Heritage Institute of Technology, popularly known as HITK or HIT is a self-financed institute in the state of the West Bengal. Heritage Institute of Technology is ranked one of the best engineering colleges in Eastern India. The campus is situated on the southern fringes of Kolkata. It is affiliated with Maulana Abul Kalam Azad University of Technology Kolkata.

History 
Heritage Institute of Technology was set up on the eastern fringes of Kolkata in 2001 by a group of industrialists hailing from the flourishing information technology, electronics, and related industries around Kolkata, and some public figures. The foundation behind the growth of HITK is the Kalyan Bharti Trust. To meet the demand for technical manpower and in view of fiscal constraints at the governmental level, the Kalyan Bharti Trust supplemented the state government's efforts in setting up new engineering colleges by establishing the Heritage Institute of Technology in September 2000.

Departments in Faculty of Technology and Management
The institute offers one undergraduate course (B. Tech.) and three graduate courses (M. Tech., MBA , and MCA). All courses are approved by the All India Council for Technical Education AICTE, Government of India, and the Department of Higher Education, Government of West Bengal.
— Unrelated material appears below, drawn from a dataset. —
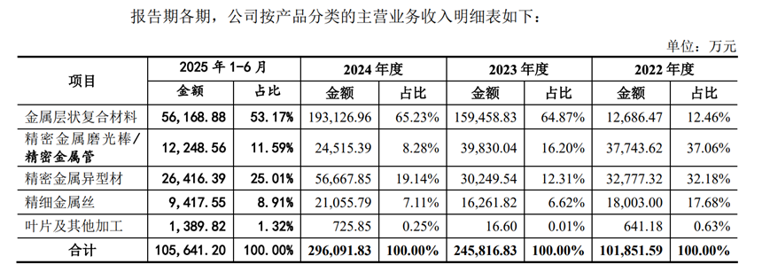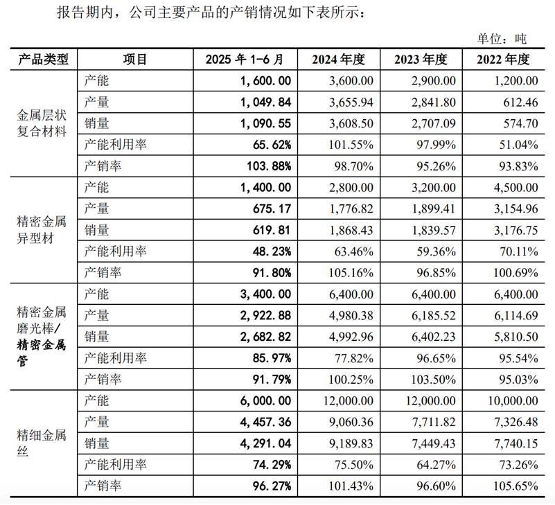 更值得警惕的是,公司在招股书中直言,受终端客户钛合金边框机型调整影响,2025年上半年,核心的钛-铝复合材料收入仅为5.62亿元,占比回落至53.17%,毛利率同步承压下滑,核心产品的收入规模与盈利能力双降。随之而来的是产能利用率的断崖式下跌,从2024年的超负荷生产跌至2025年上半年的65.62%,产能闲置的背后,是库存的持续积压与产品价格的被动下行。

Since its inception, it has been affiliated to the West Bengal University of Technology, Kolkata.

The institute offers undergraduate B. Tech. course in the following engineering disciplines:
 Applied Electronics and Instrumentation Engineering
 Biotechnology
 Chemical Engineering
 Civil Engineering
 Computer Science and Business Systems
 Computer Science and Engineering (Data Science)
 Computer Science and Engineering (Artificial Intelligence & Machine Learning)
 Computer Science and Engineering
 Electrical Engineering
 Electronics and Communication Engineering
 Information Technology
 Mechanical Engineering

The graduate school offers full-time two-year Master of Technology (M. Tech.) degree in the following disciplines:
 Applied Electronics and Instrumentation Engineering
 Computer Science and Engineering
 Electronics and Communication Engineering
 Biotechnology
 VLSI
 Renewable Energy
The institute also offers full-time two-year Master of Computer Application degree.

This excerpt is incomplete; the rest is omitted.